*** SOURCE MATERIAL ***

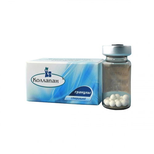 Гранулы Коллапан от производителя Интермедапатит - стерильный остеопластический биокомпозиционный материал, применяется для восстановления костной ткани, профилактики и лечения гнойных осложнений в различных областях костной хирургии.
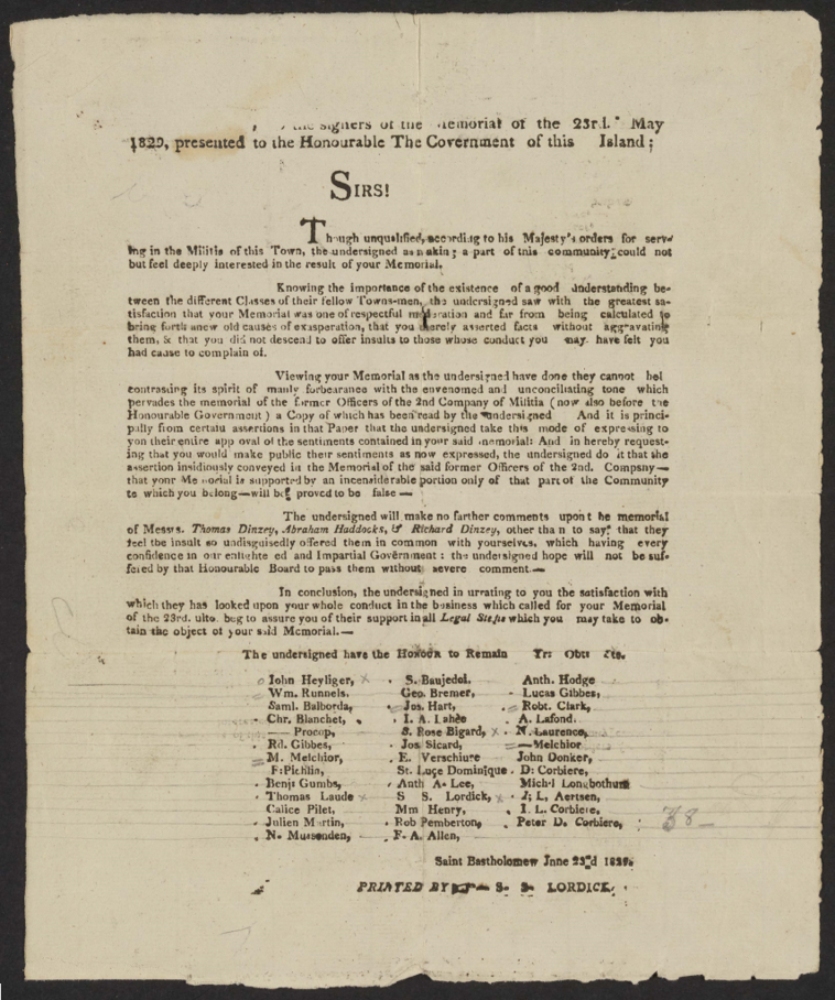 Fria svarta män började organisera sig på 1810-talet. De krävde samma medborgerliga rättigheter som den vita befolkningen. Slavlagarna gällde både för de förslavade och de fria svarta. Grupper av fria svarta män skrev flera gånger till myndigheterna för att kräva en rättvisare behandling. En gång vände de sig direkt till kungen i Stockholm. De skrev då på franska eftersom det var kung Carl XIV Johans modersmål.
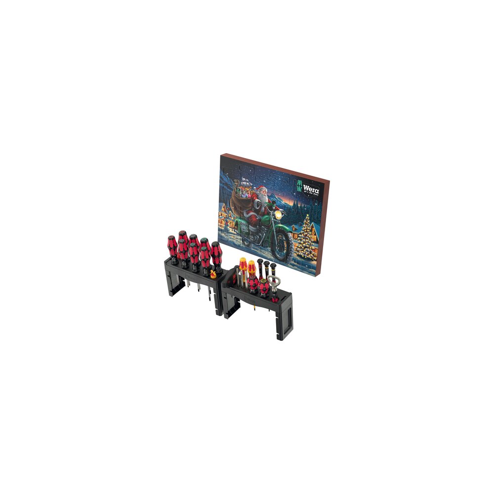 Der Wera Adventskalender beinhaltet 2025 eine umfassende Schraubwerkstatt für die gängigsten Schraubprofile und Anwendungen. Die beiden mitgelieferten Racks können aufgestellt oder an der Wand befestigt werden. Auf 28 Überraschungen darf sich der Beschenkte/die Beschenkte freuen: 15 Schraubendreher, darunter 2 Schlitzwerkzeuge für VDE, 2 Stubbys, 3 Micro Werkzeuge für die Feinmechanik und einen Schraubmeißel mit Schlagkappe und durchgehender Klinge. 1 Bithalter mit Quergriff für ¼" Bits und 3 lange Bits (89 mm) runden den Inhalt ab. Der Quergriff liegt gut in der Hand und erlaubt die Übertragung hoher Drehmomente. Die beiden Schraubkrallen halten Schrauben sicher auf dem Werkzeug. Der Flaschenöffner ist ein Muss für alle Adventskalender Fans, auch 2025 im speziellen und nur im Kalender enthaltenen Design. 2 Racks sorgen für ordentliche Verstauung aller Werkzeuge (und des Flaschenöffners).
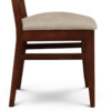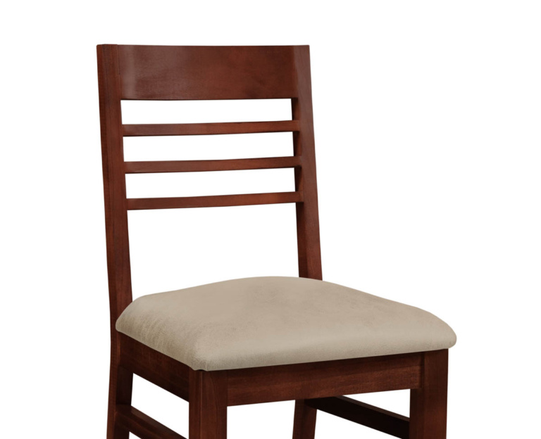 Silla de madera maciza con asiento tapizado en Cuerotex. Fabricada en madera maciza de Pino Clear. La rigurosa selección de la madera y su posterior tratamiento, dan como resultado un mueble de calidad, con betas más uniformes y un mínimo de nudos.

*** End of SOURCE MATERIAL ***

▸ WORK TASK
Please give all of the material again, exactly, without the images.

▸ COMPLETED TASK
 Гранулы Коллапан от производителя Интермедапатит - стерильный остеопластический биокомпозиционный материал, применяется для восстановления костной ткани, профилактики и лечения гнойных осложнений в различных областях костной хирургии.
 Fria svarta män började organisera sig på 1810-talet. De krävde samma medborgerliga rättigheter som den vita befolkningen. Slavlagarna gällde både för de förslavade och de fria svarta. Grupper av fria svarta män skrev flera gånger till myndigheterna för att kräva en rättvisare behandling. En gång vände de sig direkt till kungen i Stockholm. De skrev då på franska eftersom det var kung Carl XIV Johans modersmål.
 Der Wera Adventskalender beinhaltet 2025 eine umfassende Schraubwerkstatt für die gängigsten Schraubprofile und Anwendungen. Die beiden mitgelieferten Racks können aufgestellt oder an der Wand befestigt werden. Auf 28 Überraschungen darf sich der Beschenkte/die Beschenkte freuen: 15 Schraubendreher, darunter 2 Schlitzwerkzeuge für VDE, 2 Stubbys, 3 Micro Werkzeuge für die Feinmechanik und einen Schraubmeißel mit Schlagkappe und durchgehender Klinge. 1 Bithalter mit Quergriff für ¼" Bits und 3 lange Bits (89 mm) runden den Inhalt ab. Der Quergriff liegt gut in der Hand und erlaubt die Übertragung hoher Drehmomente. Die beiden Schraubkrallen halten Schrauben sicher auf dem Werkzeug. Der Flaschenöffner ist ein Muss für alle Adventskalender Fans, auch 2025 im speziellen und nur im Kalender enthaltenen Design. 2 Racks sorgen für ordentliche Verstauung aller Werkzeuge (und des Flaschenöffners).
 Silla de madera maciza con asiento tapizado en Cuerotex. Fabricada en madera maciza de Pino Clear. La rigurosa selección de la madera y su posterior tratamiento, dan como resultado un mueble de calidad, con betas más uniformes y un mínimo de nudos.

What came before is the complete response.